Schindhelm Roger K, van Marwijk Kooy M Rien, Coenen Jules L L M, Huijgens Peter C, Kuiper-Kramer P A Ellen
Isala klinieken, Klinisch Chemisch Laboratorium, Zwolle, The Netherlands.
Ned Tijdschr Geneeskd. 2010;154:A1520.
The criteria for the diagnosis of chronic lymphocytic leukaemia (CLL) have recently been changed, with the absolute number of monoclonal B cells instead of the total number of lymphocytes now important. CLL is diagnosed when the number of monoclonal B cells with the characteristic CLL phenotype in peripheral blood exceeds 5 x 10(9)/l; fewer than 5 x 10(9)/l of monoclonal B cells with the characteristic CLL phenotype present in peripheral blood leads to a diagnosis of monoclonal B-cell lymphocytosis (MBL): a new diagnostic entity. The prevalence of MBL is estimated to be 3% and has a relatively mild course with a progression rate from MBL to CLL of 1-2% per year. After a single evaluation by a haematologist to exclude lymphadenopathy, organomegaly and infection as causes of the lymphocytosis, patients with MBL need only be evaluated once annually by their general practitioner for measurement of the blood lymphocyte count and referral in case of progression.

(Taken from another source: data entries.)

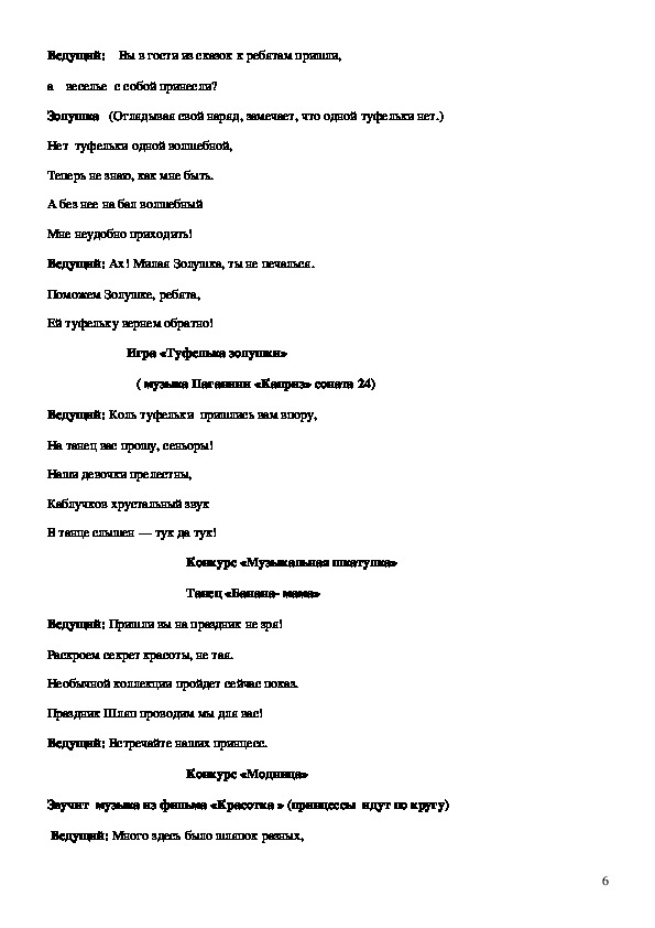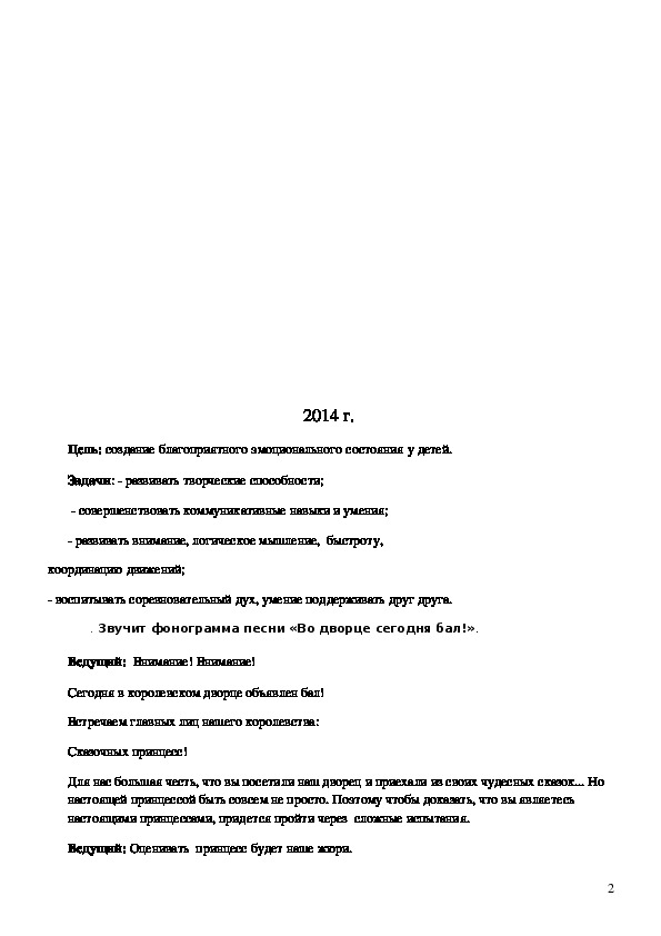 - воспитывать соревновательный дух, умение поддерживать друг друга.. Звучит фонограмма песни «Во дворце сегодня бал!».Бал сказочных принцесс в дошкольной группе.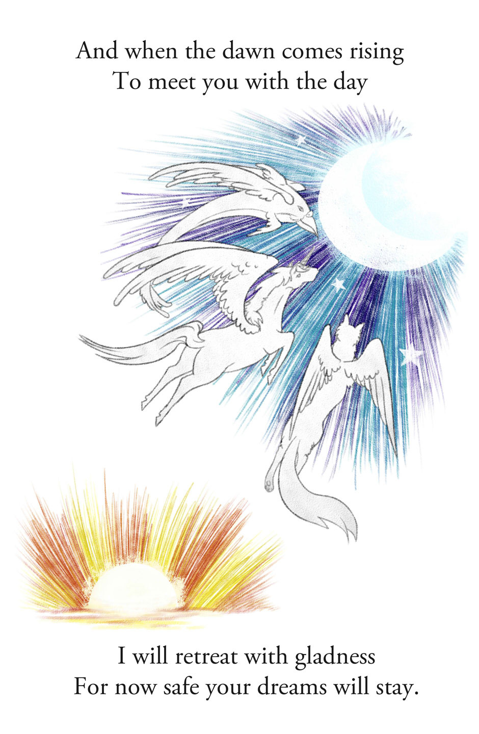 And when the dawn comes rising To meet you with the day I will retreat with gladness For now safe your dreams will stay.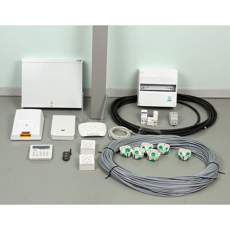 • 1 grade 2 or 3 communicating alarm control panel with integrated web server. A battery is included to operate in the event of a power outage.

慢性淋巴细胞白血病(CLL)的诊断标准最近有所改变,现在重要的是单克隆B细胞的绝对数量而非淋巴细胞总数。当外周血中具有特征性CLL表型的单克隆B细胞数量超过5×10⁹/L时可诊断为CLL;外周血中具有特征性CLL表型的单克隆B细胞数量少于5×10⁹/L则诊断为单克隆B细胞淋巴细胞增多症(MBL):一种新的诊断实体。MBL的患病率估计为3%,病程相对较轻,每年从MBL进展为CLL的发生率为1%至2%。在血液科医生进行单次评估以排除淋巴结病、器官肿大和感染作为淋巴细胞增多的原因后,MBL患者只需每年由其全科医生评估一次,以测量血液淋巴细胞计数,并在病情进展时转诊。